Мои два отказа были решениями правильными. В обоих случаях я сделал правильный выбор, но в обоих случаях выбор был чисто негативен и потому не разрешал ситуации. Относительно отказа Давиду я ничего не знал о его правильности или неправильности, обоснованности или случайности. Об этом отказе я не знал ничего, кроме того, что он действительно имел место. А это, наверное, единственное, что мне о нем и надо знать. Этот отказ как раз и создал ту ситуацию, которую были призваны разрешить мои разговоры со Стриженовым и с Исидорой Викторовной. Разговоры, в которых я сделал правильный выбор, но которые принесли только отрицательный эффект.
Только отрицательный? Да, если не считать единственно позитивного: последнего совета Исидоры Викторовны. Реально все это означало, все это указывало на Григория Николаевича Стриженова. Все-таки и еще раз на Стриженова.
Я зашел в отдел транслятора. В большой комнате отдела находился один Витя, спокойно углубившийся в изучение гигантского рулона с распечатками. Я поздоровался с ним и вопросительно взглянул на дверь, отделяющую комнату начотдела.
— Шеф сегодня трудится на дому, — сказал Лаврентьев. — Вот его телефон. Он просил позвонить, если у кого что к нему будет.

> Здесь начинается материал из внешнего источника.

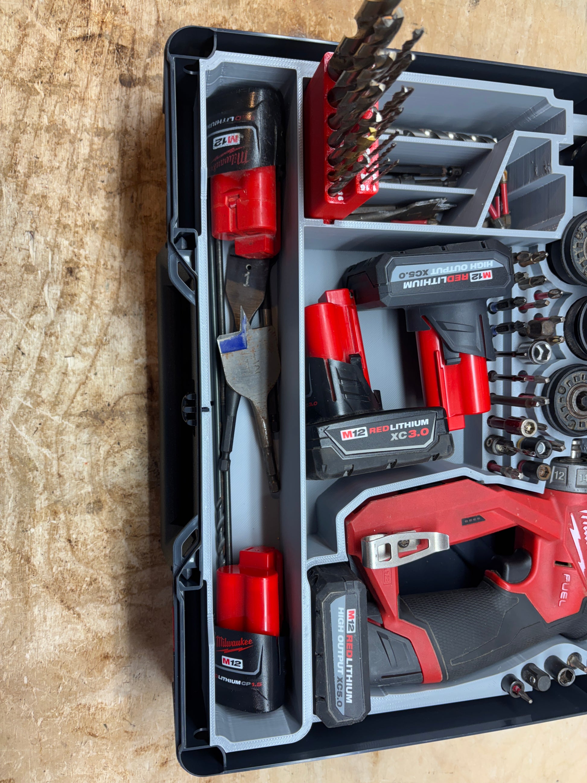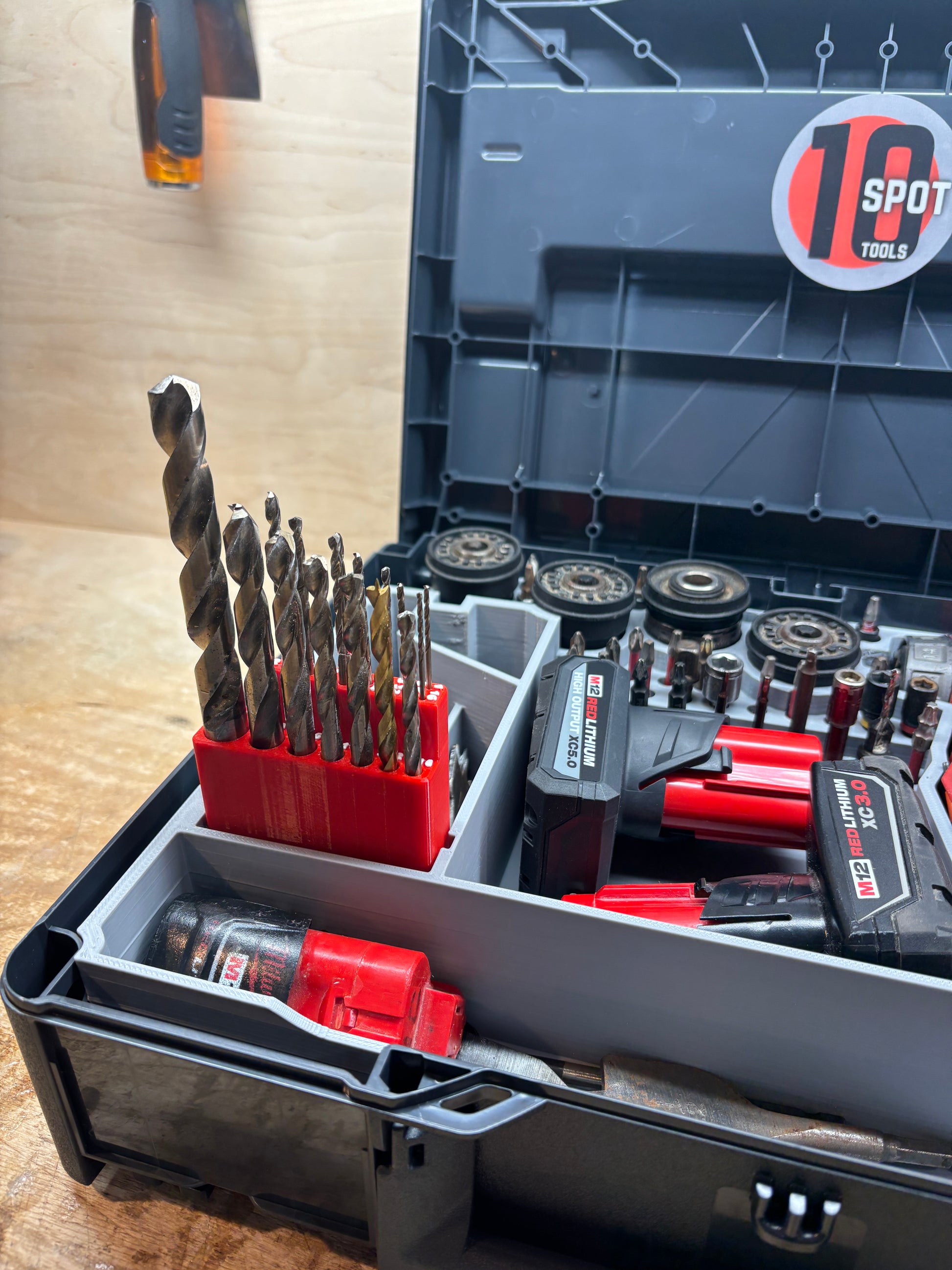 - 1 large open well 5"x5 3/8" (good for small bit cases)

Я позвонил Стриженову и на его по-обычному внимательный вопрос, помявшись, ответил, что у меня, пожалуй, нетелефонный разговор. Получалось немного смешно: позвонить человеку только для того, чтобы сообщить, что к нему имеется нетелефонный разговор. Но мне было не до смеха. Григорий Николаевич, наверное, что-то сообразил, что-то сопоставил (в общем-то, он мог сообразить и сопоставить почти все — наш отнюдь не рыцарский поединок с Борисовым в кабинете Карцева, мои разговоры с Постниковым и с Леоновым, он вполне мог знать все, вплоть до подачи заявлений об уходе, все кроме безжалостной неудачи, прихлопнувшей ни в чем не повинного Давида Иоселиани), что-то он даже промурлыкал, как бы для себя, а не для собеседника, а затем предложил мне приехать к нему. И не после работы или в какое-нибудь удобное для меня время, а по возможности немедля. «Ко мне кое-кто тут пришел, Гена, — дополнил Стриженов свое приглашение, — тебе будет небезынтересно. Наверняка даже полезно. Ну а заодно и нетелефонный твой разговор провернем». Я пообещал приехать через полчаса и, сделав вид, что не замечаю любопытно поглядывающего Лаврентьева (некогда, некогда, Витя, как-нибудь при другой погоде поговорим), вышел из комнаты.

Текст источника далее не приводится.